What a beautiful object lesson. Just as the ovum is embraced, prepared, and ripened by a group of tender caregiving cells, ideally a young girl is embraced by a group of loving women who tenderly prepare her and assist her as she matures toward the threshold of motherhood. I rejoice when I see a new mother receiving this kind of sisterhood preparing her to partake of the first tree–as did Eve–and fulfill her mission to bring children through her body (the first veil) from premortal to mortal life.
If you view the conception process through the lens of the two trees and the two veils, the ovum within a woman’s body can be recognized as symbolic of both of the trees. The ovum is the fruit of the tree of life for the sperm seeking that most desirable above all other fruits. And the ovum is the fruit of the tree of knowledge of good and evil for the daughters of Eve who beckon for the sons of Adam to partake and thereby become one with them.

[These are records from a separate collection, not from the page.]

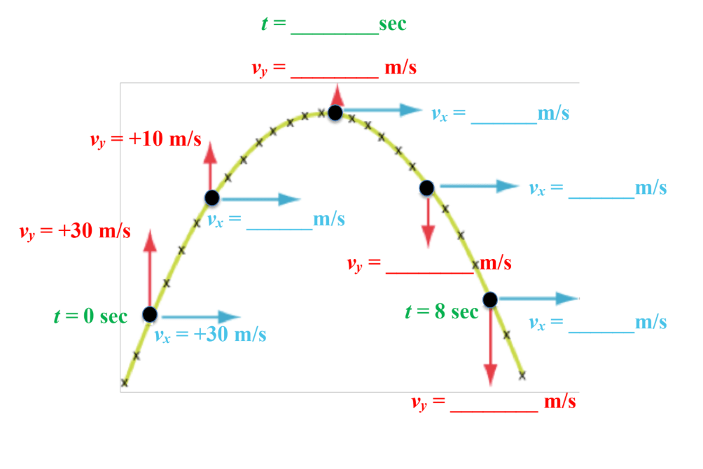 At the board, fill in the blank spaces below with the correct signs (+ or -) and values of each velocity component. Also, determine the time at which the projectile reaches its apex (highest point) in its trajectory.
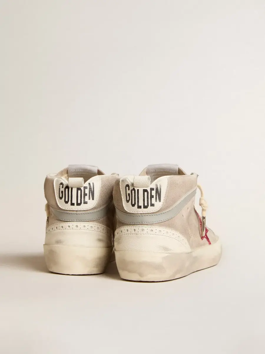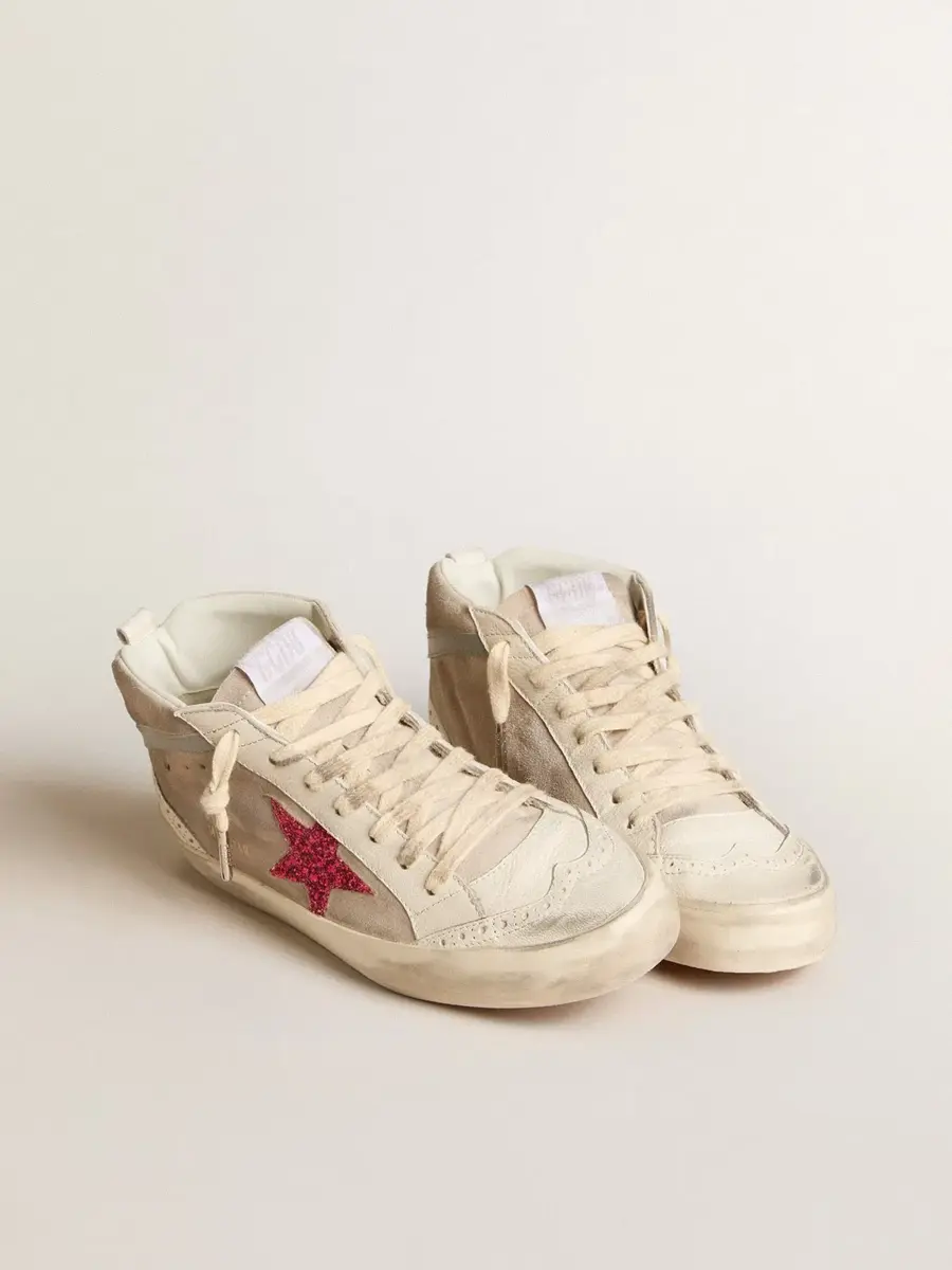 Versatilidad única y elegante: las zapatillas Mid Star aportan un toque refinado a su inspiración en la escena skater de los noventa. Este modelo, con parte superior de ante gris paloma, presenta una estrella brillante fucsia y un detalle de cuero gris. La lengüeta del talón de cuero blanco, los insertos de napa blanca y los cordones blancos completan el look. Item No. GWF00122.F005975.11877 GWF00122.F005975.11877
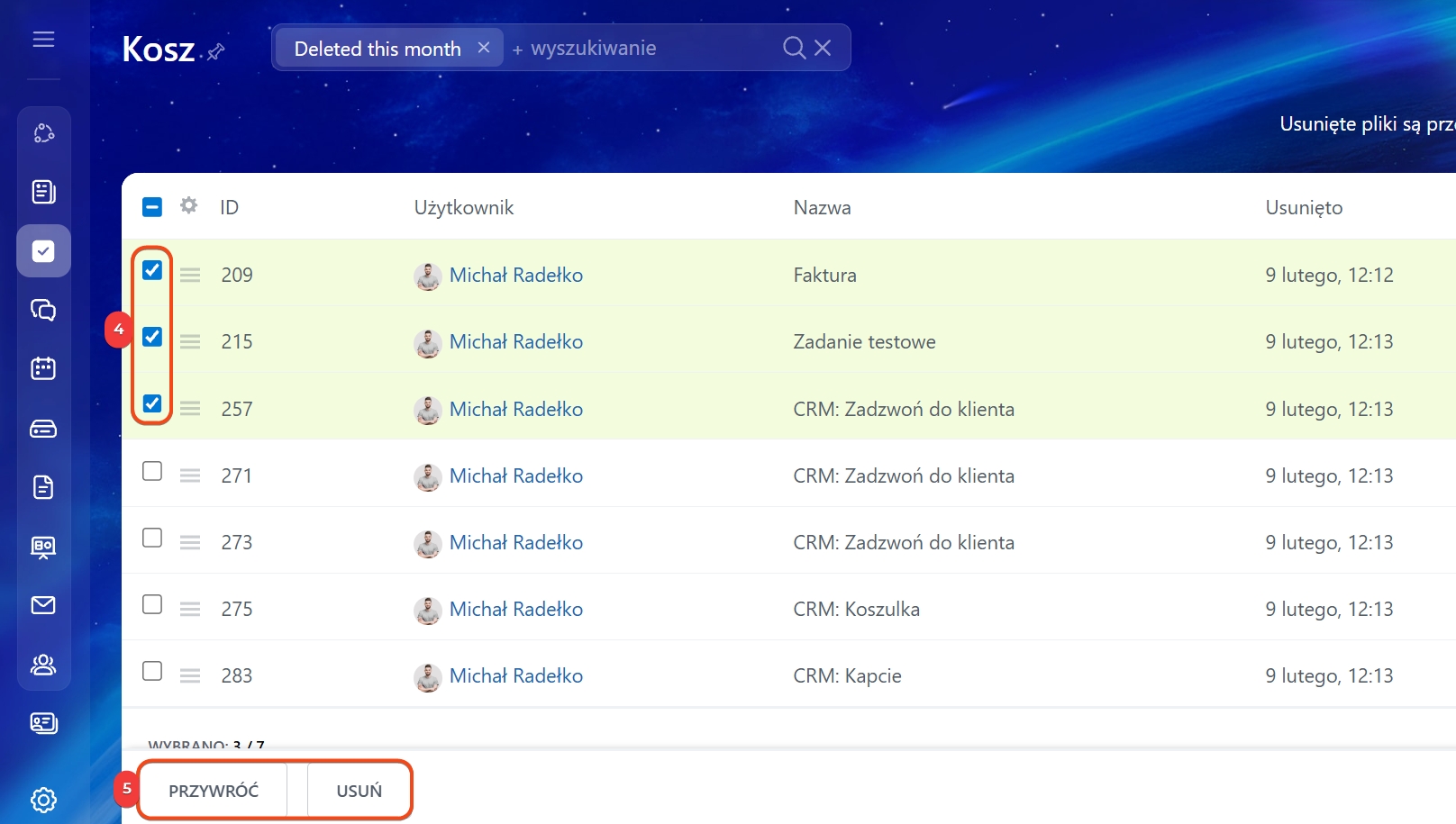 4–5. Zaznacz jedno lub kilka zadań i wybierz żądane działanie: usuń lub przywróć.
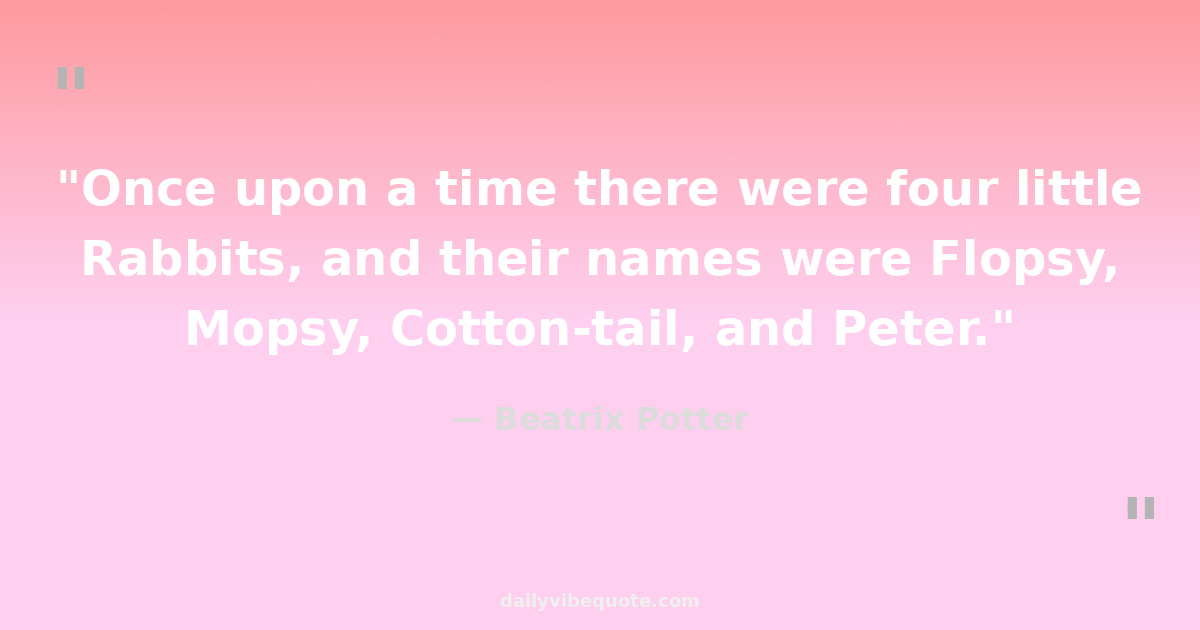 "Once upon a time there were four little Rabbits, and their names were Flopsy, Mopsy, Cotton-tail, and Peter."
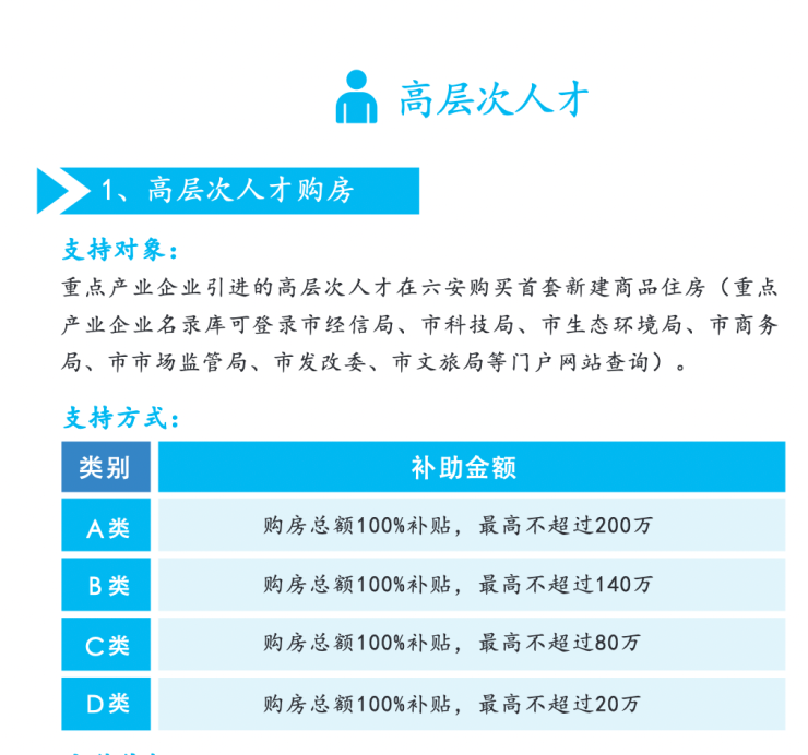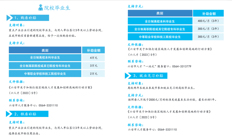 对于重点企业引进的院校毕业生,与用人单位签订3年及以上劳务合同,在六安买首套新房,给予一次性的购房补贴。本科生补助4万元,高职或者专科生补助3万元,中职和技校毕业生补助2万元。在六安租房,本科生补助400元/月(共计3年),高职或者专科生补助300元/月(共计3年),中职和技校毕业生补助300元/月(共计3年)。
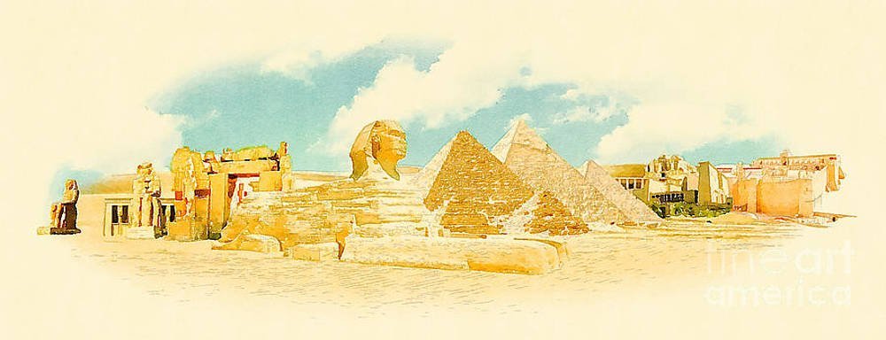 ![Пирамида Хеопса и сфинкс в акварели]()
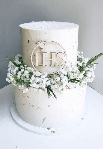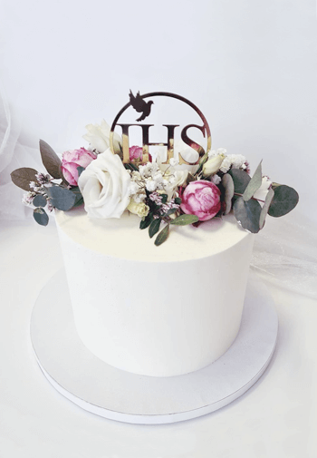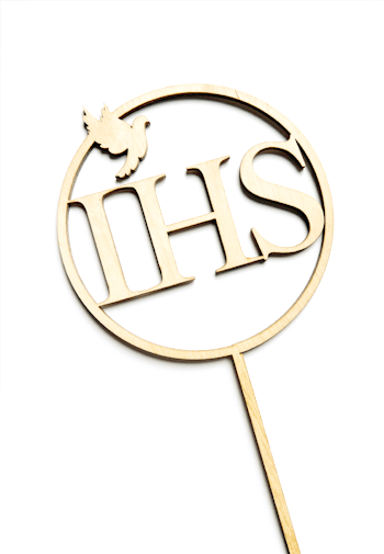 Topper komunijny IHS w obręczy z gołębicą wycięty laserowo z kartonu, sklejki brzozowej lub pleksi
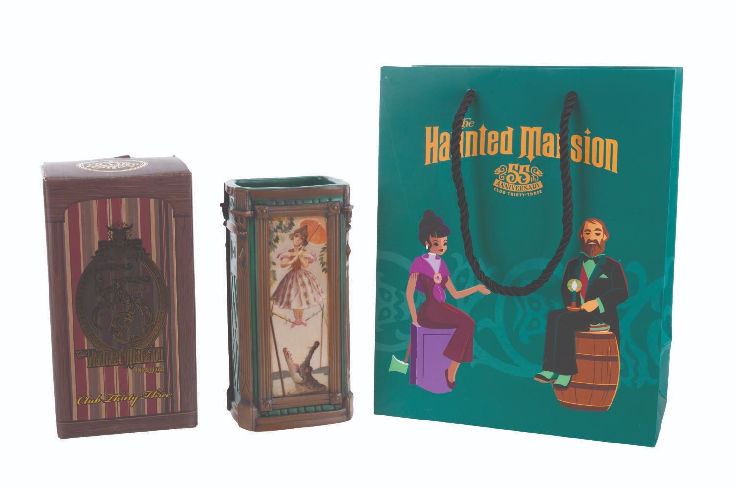 (Disneyland, 2024) A tiki mug and souvenir bag from the Club 33 Haunted Mansion 55th anniversary event. Based on Marc Davis’ original stretching portrait art, this mug features the tightrope walker. The mug measures 3.5 " x 2.75 " x 6.75 " with the original 4 " x 3.5 " x 7.25 " tall box and 4 " x 8 " x 10 " bag, all in fine condition.
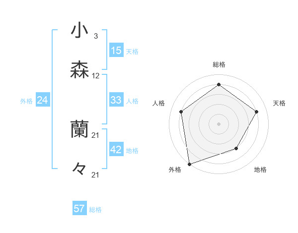 小森 蘭々さんを姓名の画数から五運を鑑定
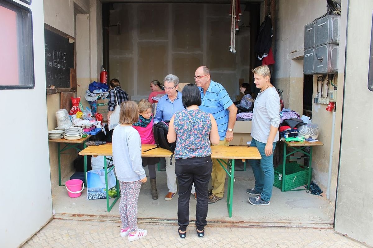 Für die Zeit von 10:00 Uhr bis 12:00 Uhr hatte die Stadtverwaltung das alte Feuerwehrhaus neben dem Rathaus geöffnet, um Spenden für die am Montag in Bad Frankenhausen angekommenen Flüchtlinge entgegen zu nehmen.

David Chamberlain writes: “Generation after human generation, we have been participating in this passionate reproductive drama . . . based on largely invisible and unexplainable physical processes–and with scarcely a conscious thought of what it might have been like for us to enter, dwell, and exit that incomparable inner sanctum” (p. 2). In our modern world, we have the rare opportunity to see photographs and ultrasounds of the procreative process. We know more about how life is formed than any generation before us. And the more I study and ponder that procreative process, the more awe and reverence I feel for it, all the way from preconception to postpartum. The entire process is sacred, symbolic, and stunningly beautiful in every detail. What an honor to be among those given the gift of housing within my body that “incomparable inner sanctum” where the entire creation of human souls occurs. What a gift.